IV., and of such great wealth, that his mansion, style of living, and bequests, were altogether princely.

In point of magnitude and elegance, the next most important crypt of this description, is that well-known one beneath Gerrard's Hall, in Basing Lane. This is supported by sixteen pillars, which divide it into aisles; but, having been frequently engraved, it needs not a more particular mention. The house over it, now Gerrard's Hall Inn and Tavern, was inhabited by Sir John Gison, Lord Mayor in 1245, and is said by Stowe to have been built over these arched vaults, of stone brought from Caen in Normandy; which makes it probable that its foundation took place not long after the Conquest.

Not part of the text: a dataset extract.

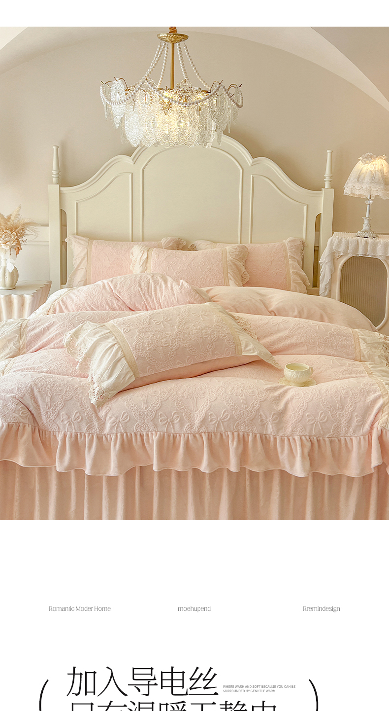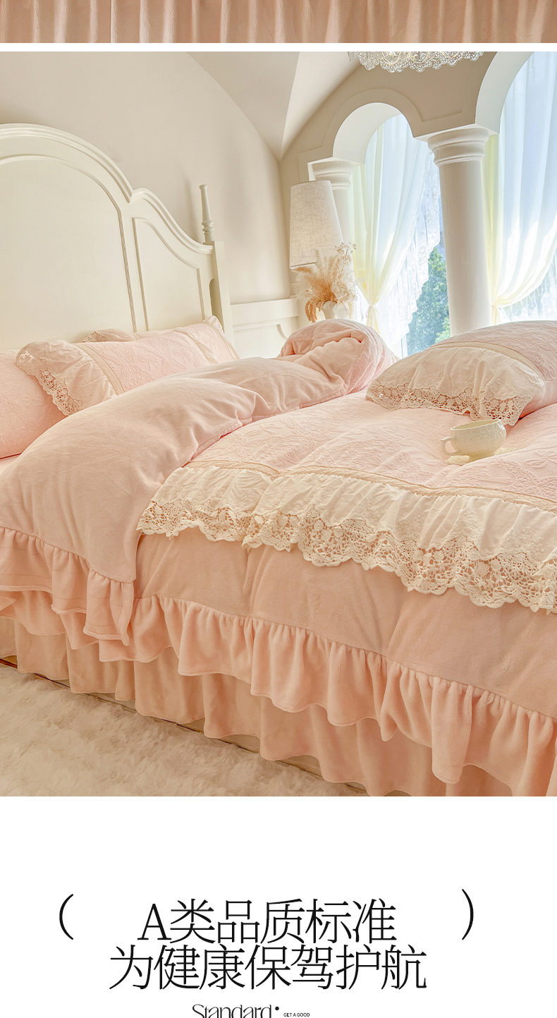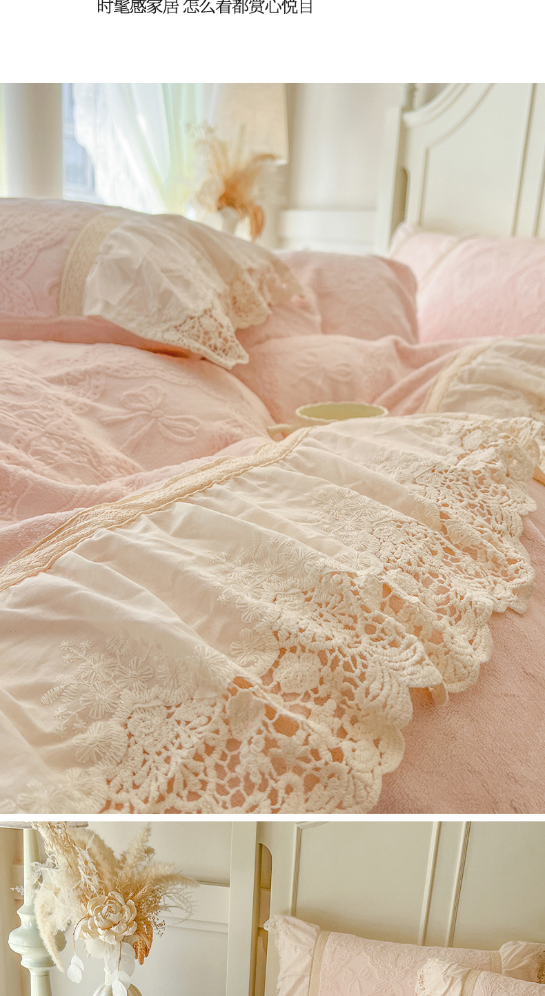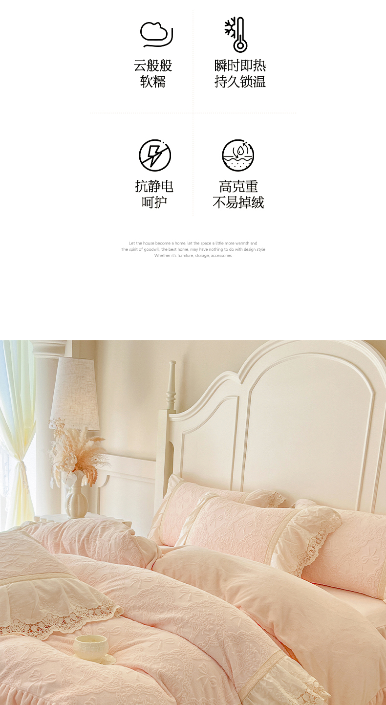 当前位置: 91家纺网 > 商品网购 > 床品套件 > 四件套 > 牛奶绒四件套 > (总)好儿喜家纺 2025新款法式雕花牛奶绒四件套床裙款-邂逅系列

The vaults are at present used as winecellars.

Another fine Crypt, but whether originally appropriated to religious or domestic uses is not known, stands partly under the house formerly Bloxam's banking house, in Gracechurch Street, and partly under an adjoining seed-shop. Above this, in ancient times, stood the town mansion of the Earl of Ferrers, which was afterwards converted into the George Inn. The original form and dimensions of this Crypt cannot now be ascertained; but from the

description of mansion it once supported, it was probably large.

Several other mutilated portions of crypts. remain in different parts of London; but as they contain little worthy notice, their enumeration would prove uninteresting.